**Your goal**
Please return each entry that follows exactly as written, and keep the pictures out.
┌──
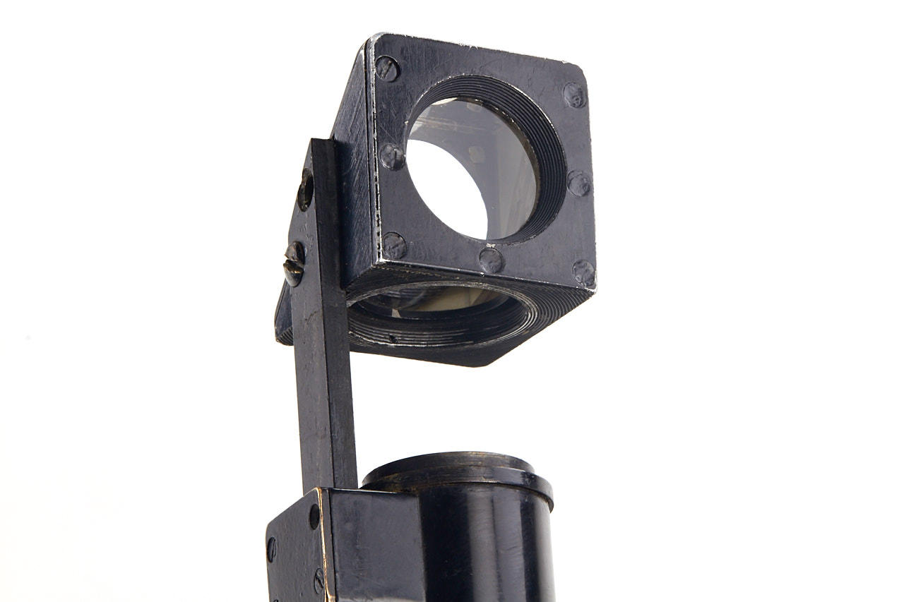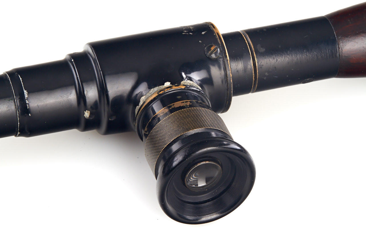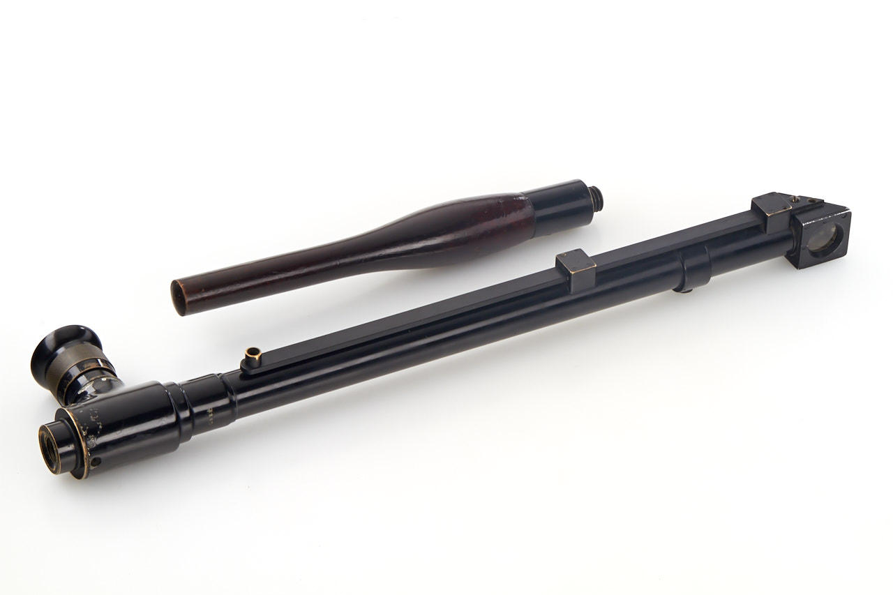 early Nikon WWII Japanese army hand-held periscope, with extendable prism, wooden handle, in original metal carrying case
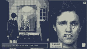 На правой стороне экрана игрок манипулирует крупным планом своего лица. В игре вы будете контролировать мимику главного героя. В игре есть 15 концовок и выборочный геймплей. Игра также имеет достижения Steam и дизайн визуального стиля Ditherpunk3.
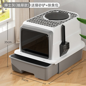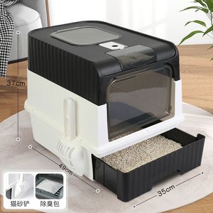 特大猫トイレ、完全密閉引き出し式両開きドア、臭気防止家庭用猫トイレ、猫トイレ
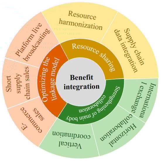 It has been shown that the integration of stakeholders’ benefits could fully rationalize the systematic allocation of resources in the supply chain and clarified the roles and tasks of stakeholders [37]. The integration of benefits required an adjustment to the effective supply of the object of benefit, an adjustment of the concept and behavior of human benefits, and an adjustment of the relationship of benefits between people, including the three dimensions of resource sharing, strengthening of main body collaboration, and optimizing the linkage model, as shown in Figure 4. Resource sharing provides the basis of benefit sharing, and the sharing of resources in the CrAPSC emphasized the “in-depth integration of various systems to open up the whole chain and the whole process of data” (c2-03). This integration promoted the sharing of resources across the links of production, processing, circulation, and sales of agricultural products and supported the unified deployment of resources in all aspects, thus solving the problems of information asymmetry in the traditional supply chain. The supply chain also strengthened the main collaboration, including international exchanges, horizontal collaboration and vertical coordination. Frequent national exchanges raised “international agricultural trade collaboration to a new height” (c1-32), horizontal collaboration “realized the enterprise mission of efficient circulation and deep distribution of products” (c2-07) and vertical coordination “improved the market acceptance of products” (c2-15), promoted the supply chain’s original improvement, and upgraded the functional attribute system [38]. The main body collaboration improved the technological development and research capacity of the CrAPSC and optimized the supply chain service process oriented by the domestic and international market demand, which further supported the interrelationships of the links and achieved the integration and optimal allocation of benefits [39]. Experience and practice have shown that each link in the CrAPSC cannot rely on its own innovative approach to maintain a long-term competitive advantage [40]. Only by continuously innovating the organizational framework and linkage model of the supply chain [41], restructuring the agricultural supply chain by e-commerce sales, short-chain direct marketing and platform live broadcasting, and coordinating the partnership of each link in the supply chain [42,43] can the benefit-sharing mechanism of the CrAPSC be improved.
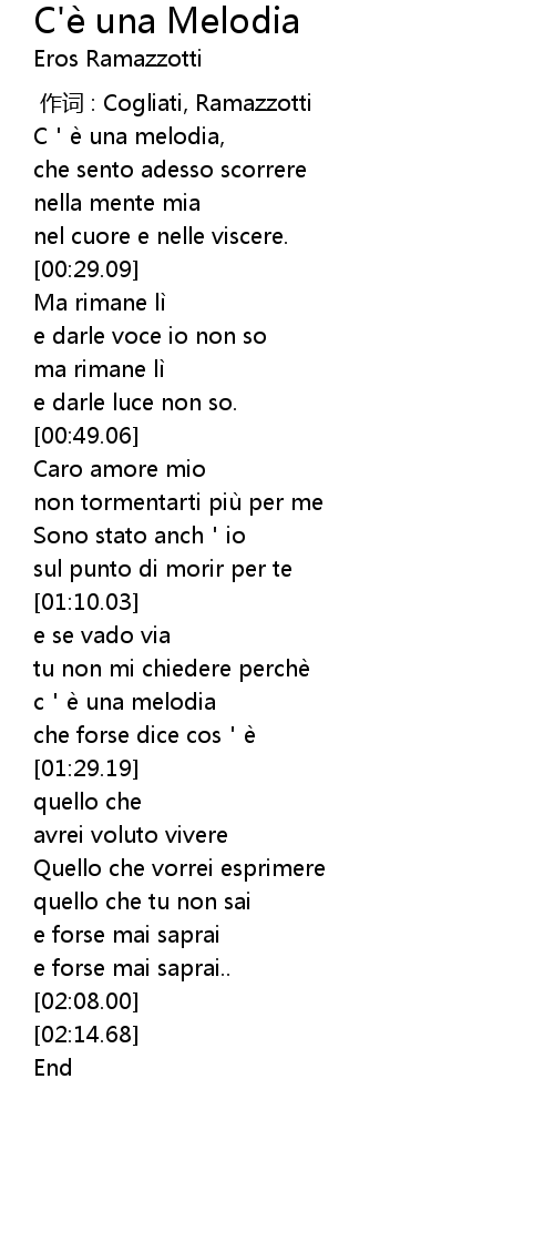 | [00:00.00] | 作词 : Cogliati, Ramazzotti |
└──
**Answer space**
 early Nikon WWII Japanese army hand-held periscope, with extendable prism, wooden handle, in original metal carrying case
 На правой стороне экрана игрок манипулирует крупным планом своего лица. В игре вы будете контролировать мимику главного героя. В игре есть 15 концовок и выборочный геймплей. Игра также имеет достижения Steam и дизайн визуального стиля Ditherpunk3.
 特大猫トイレ、完全密閉引き出し式両開きドア、臭気防止家庭用猫トイレ、猫トイレ
 It has been shown that the integration of stakeholders’ benefits could fully rationalize the systematic allocation of resources in the supply chain and clarified the roles and tasks of stakeholders [37]. The integration of benefits required an adjustment to the effective supply of the object of benefit, an adjustment of the concept and behavior of human benefits, and an adjustment of the relationship of benefits between people, including the three dimensions of resource sharing, strengthening of main body collaboration, and optimizing the linkage model, as shown in Figure 4. Resource sharing provides the basis of benefit sharing, and the sharing of resources in the CrAPSC emphasized the “in-depth integration of various systems to open up the whole chain and the whole process of data” (c2-03). This integration promoted the sharing of resources across the links of production, processing, circulation, and sales of agricultural products and supported the unified deployment of resources in all aspects, thus solving the problems of information asymmetry in the traditional supply chain. The supply chain also strengthened the main collaboration, including international exchanges, horizontal collaboration and vertical coordination. Frequent national exchanges raised “international agricultural trade collaboration to a new height” (c1-32), horizontal collaboration “realized the enterprise mission of efficient circulation and deep distribution of products” (c2-07) and vertical coordination “improved the market acceptance of products” (c2-15), promoted the supply chain’s original improvement, and upgraded the functional attribute system [38]. The main body collaboration improved the technological development and research capacity of the CrAPSC and optimized the supply chain service process oriented by the domestic and international market demand, which further supported the interrelationships of the links and achieved the integration and optimal allocation of benefits [39]. Experience and practice have shown that each link in the CrAPSC cannot rely on its own innovative approach to maintain a long-term competitive advantage [40]. Only by continuously innovating the organizational framework and linkage model of the supply chain [41], restructuring the agricultural supply chain by e-commerce sales, short-chain direct marketing and platform live broadcasting, and coordinating the partnership of each link in the supply chain [42,43] can the benefit-sharing mechanism of the CrAPSC be improved.
 | [00:00.00] | 作词 : Cogliati, Ramazzotti |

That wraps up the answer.